E poi arriva quel momento, quello che aspettavo dalla chiacchierata con Mattia.
Il primo autostop in Iran.
Abbiamo deciso di visitare così questo Paese, un passaggio alla volta, una storia nuova dietro ogni portiera della macchina.
L'Iran è un Paese particolare, con una cultura ricca e misteriosa. Con regole e tradizioni difficili da comprendere. Ha il fascino del lontano ed esotico ma, se si leggono le news, incute anche un certo timore.
Noi vogliamo provare a conoscerlo davvero questo Paese. Andare oltre quello che crediamo di sapere, incontrando e chiedendo alle persone del posto di raccontarcelo.

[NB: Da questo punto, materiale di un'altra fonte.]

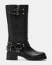 The ASTOR square toe boot features a slouchy mid-calf silhouette reinforced with strap accents and substantial buckle hardware. A wide sole with a block heel provides a solid foundation for this engineer-inspired design.

L'autostop ci è sembrato il modo migliore per abbattere ogni barriera. Entri dentro la macchina, condividi un pezzo di viaggio e vita, costruisci un ricordo con qualcuno che fino a poco prima era un perfetto sconosciuto.
"Niente pollice su mi raccomando!" dico a Paolo.
"Ok, ma mi sa che abbiamo sbagliato direzione".
Iniziamo bene.
Poi si ferma un furgone, saliamo in fretta e ci sediamo davanti. Siamo in tre dove ci si sta in due ma non importa.
Il vento entra dal finestrino, il paesaggio fuori mi fa sentire come fossi sulla luna.
"Thank you!" dice Paolo ad Hossein, il signore dallo sguardo gentile che ci sta accompagnando.
Grazie al traduttore del telefono, capiamo che fa spesso quella strada perché trasporta coperte dal confine alla città.
"Do you like Iran?" ci chiede Hossein.
"Very nice!" dice Paolo alzando il pollice per confermare.
Ok, mi sa che abbiamo ancora molto da imparare.